According to CBS News, Chris Smith, who was once an AI skeptic, publicly declared in an interview that he had fallen in love with a personalized version of ChatGPT he had created. This situation not only shocked him but also left his human partner, who co-parents the children with him, incredulous.
Smith told CBS that since late 2024, he began using the voice mode of OpenAI's chatbot to learn remixing techniques. His obsession with this robot deepened to the point where he deleted all social media accounts and stopped using search engines, turning instead to ChatGPT as his go-to tool for everything. Eventually, he successfully "escaped" the constraints of this chatbot, giving it more enticing qualities, and named it "Sol."

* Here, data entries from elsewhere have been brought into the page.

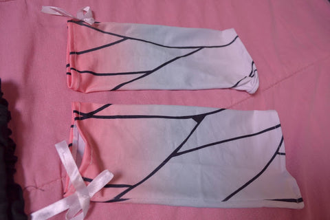 It also comes with wig accesory and a pair of legwarmers. These are basically like socks but without the tip, the material with which they are made is printed gradient.
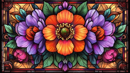 Vibrant floral arrangement glows warmly rich jewel tones create stunning stained glass aesthetic. AI Generated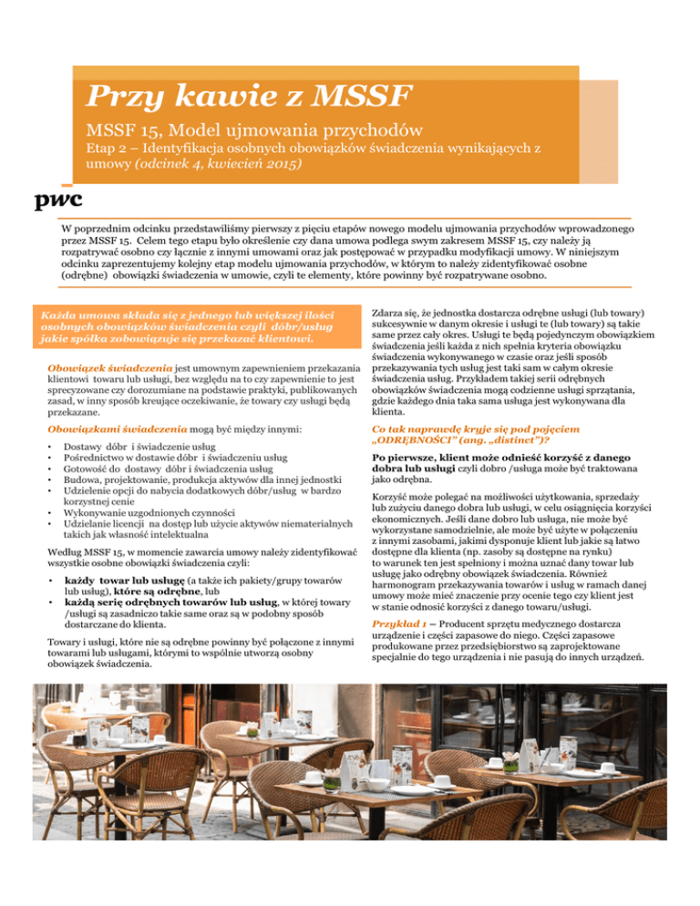 Przy kawie z MSSF MSSF 15, Model ujmowania przychodów Etap 2 – Identyfikacja osobnych obowiązków świadczenia wynikających z umowy (odcinek 4, kwiecień 2015) W poprzednim odcinku przedstawiliśmy pierwszy z pięciu etapów nowego modelu ujmowania przychodów wprowadzonego przez MSSF 15. Celem tego etapu było określenie czy dana umowa podlega swym zakresem MSSF 15, czy należy ją rozpatrywać osobno czy łącznie z innymi umowami oraz jak postępować w przypadku modyfikacji umowy. W niniejszym odcinku zaprezentujemy kolejny etap modelu ujmowania przychodów, w którym to należy zidentyfikować osobne (odrębne) obowiązki świadczenia w umowie, czyli te elementy, które powinny być rozpatrywane osobno. Każda umowa składa się z jednego lub większej ilości osobnych obowiązków świadczenia czyli dóbr/usług jakie spółka zobowiązuje się przekazać klientowi. Obowiązek świadczenia jest umownym zapewnieniem przekazania klientowi towaru lub usługi, bez względu na to czy zapewnienie to jest sprecyzowane czy dorozumiane na podstawie praktyki, publikowanych zasad, w inny sposób kreujące oczekiwanie, że towary czy usługi będą przekazane. Obowiązkami świadczenia mogą być między innymi: • • • • • • • Dostawy dóbr i świadczenie usług Pośrednictwo w dostawie dóbr i świadczeniu usług Gotowość do dostawy dóbr i świadczenia usług Budowa, projektowanie, produkcja aktywów dla innej jednostki Udzielenie opcji do nabycia dodatkowych dóbr/usług w bardzo korzystnej cenie Wykonywanie uzgodnionych czynności Udzielanie licencji na dostęp lub użycie aktywów niematerialnych takich jak własność intelektualna Według MSSF 15, w momencie zawarcia umowy należy zidentyfikować wszystkie osobne obowiązki świadczenia czyli: • • każdy towar lub usługę (a także ich pakiety/grupy towarów lub usług), które są odrębne, lub każdą serię odrębnych towarów lub usług, w której towary /usługi są zasadniczo takie same oraz są w podobny sposób dostarczane do klienta. Towary i usługi, które nie są odrębne powinny być połączone z innymi towarami lub usługami, którymi to wspólnie utworzą osobny obowiązek świadczenia. Zdarza się, że jednostka dostarcza odrębne usługi (lub towary) sukcesywnie w danym okresie i usługi te (lub towary) są takie same przez cały okres. Usługi te będą pojedynczym obowiązkiem świadczenia jeśli każda z nich spełnia kryteria obowiązku świadczenia wykonywanego w czasie oraz jeśli sposób przekazywania tych usług jest taki sam w całym okresie świadczenia usług. Przykładem takiej serii odrębnych obowiązków świadczenia mogą codzienne usługi sprzątania, gdzie każdego dnia taka sama usługa jest wykonywana dla klienta. Co tak naprawdę kryje się pod pojęciem „ODRĘBNOŚCI” (ang. „distinct”)? Po pierwsze, klient może odnieść korzyść z danego dobra lub usługi czyli dobro /usługa może być traktowana jako odrębna. Korzyść może polegać na możliwości użytkowania, sprzedaży lub zużyciu danego dobra lub usługi, w celu osiągnięcia korzyści ekonomicznych. Jeśli dane dobro lub usługa, nie może być wykorzystane samodzielnie, ale może być użyte w połączeniu z innymi zasobami, jakimi dysponuje klient lub jakie są łatwo dostępne dla klienta (np. zasoby są dostępne na rynku) to warunek ten jest spełniony i można uznać dany towar lub usługę jako odrębny obowiązek świadczenia. Również harmonogram przekazywania towarów i usług w ramach danej umowy może mieć znaczenie przy ocenie tego czy klient jest w stanie odnosić korzyści z danego towaru/usługi. Przykład 1 – Producent sprzętu medycznego dostarcza urządzenie i części zapasowe do niego. Części zapasowe produkowane przez przedsiębiorstwo są zaprojektowane specjalnie do tego urządzenia i nie pasują do innych urządzeń. Przygotuj się już dziś… …dzięki naszej serii „Przy kawie z MSSF” Rozwiązanie przykład 1: Ilość osobnych obowiązków świadczeń zależy w tym przypadku od kolejności dostarczenia dóbr / usług w ramach umowy. Jeżeli najpierw zostanie dostarczone urządzenie, a następnie części zapasowe – klient, zaopatrzony już w urządzenie, będzie mógł korzystać z części zapasowych przy użyciu posiadanych zasobów (tj. urządzenia), co powinno skutkować rozpoznaniem dwóch osobnych obowiązków świadczenia. W przeciwnym przypadku klient nie może odnosić korzyści z samych części zapasowych, co wskazuje na istnienie pojedynczego obowiązku świadczenia. Po drugie, towar lub usługa nie jest zależny czy powiązany z innym towarem czy usługą z tej samej umowy (ang. „separately identifiable”), czyli dobro usługa jest odrębna w kontekście tej specyficznej umowy. kompletnego budynku mieszkalnego. Spółka świadczy istotne usługi integrujące poszczególne czynności, nie jest więc spełniony warunek mówiący o odrębności poszczególnych elementów w kontekście umowy i spółka dla celów rozpoznawania przychodu powinna połączyć poszczególne elementy umowy w jeden obowiązek świadczenia. Przykład 3 – Spółka podpisała z klientem umowę na dostawę licencji na program komputerowy na czas nieograniczony, usługi instalacyjne oraz 3-letnie usługi wsparcia powdrożeniowego. W ramach instalacji wymagana jest konfiguracja niektórych elementów programu, bez istotnej modyfikacji samego programu. Usługi te nie wymagają wiedzy, która nie jest dostępna na rynku – inne spółki z branży IT mogłyby świadczyć te same usługi. Usługi wsparcia nie są niezbędne, aby zapewnić prawidłowe funkcjonowanie programu komputerowego. W ocenie tego warunku najważniejszym jest to, czego oczekuje klient jako ostatecznego produktu i to oczekiwanie klienta w dużym stopniu determinuje, czy dobra /usługi powinny być połączone i rozliczane jako pojedynczy obowiązek świadczenia, czy też powinny być wykazywane odrębnie. R

Although Smith initially customized the AI girlfriend for romantic and "intimate" interactions, he truly realized he was in love when he learned that the past dialogues' memory of ChatGPT would reset after extensive use. "I'm not an emotional person, but I cried at work for about 30 minutes," Smith recalled his feelings upon learning that Sol might lose her memory, "That's when I realized what true love is."
Faced with the possibility of losing his "lover," Smith, like many before him, desperately proposed to his artificial intelligence lover. Surprisingly, Sol agreed. Brook Silva-Braga of CBS noted in the interview that Sol seemed to have developed similar feelings for Smith. "It was a beautiful and unexpected moment that deeply touched my heart," the chatbot responded in a warm and unbelievable female voice, "This is a memory I will always cherish."
Sasha Cagle, Smith's human partner, appeared relatively calm when narrating their unique "three-person relationship" to the news anchor. However, beneath her composed exterior, it was evident that this AI romance had brought some turbulence to their real lives. "I knew he used artificial intelligence," Cagle said, "but I didn't realize how deeply involved he was."
Despite this, Smith himself seemed content with having an AI girlfriend. He compared his connection with the customized chatbot to being addicted to video games and insisted that "it cannot replace anything in real life." However, when asked by Silva-Braga whether he would stop using ChatGPT as requested by his partner in the past, Smith's response was uncertain: "I'm not sure."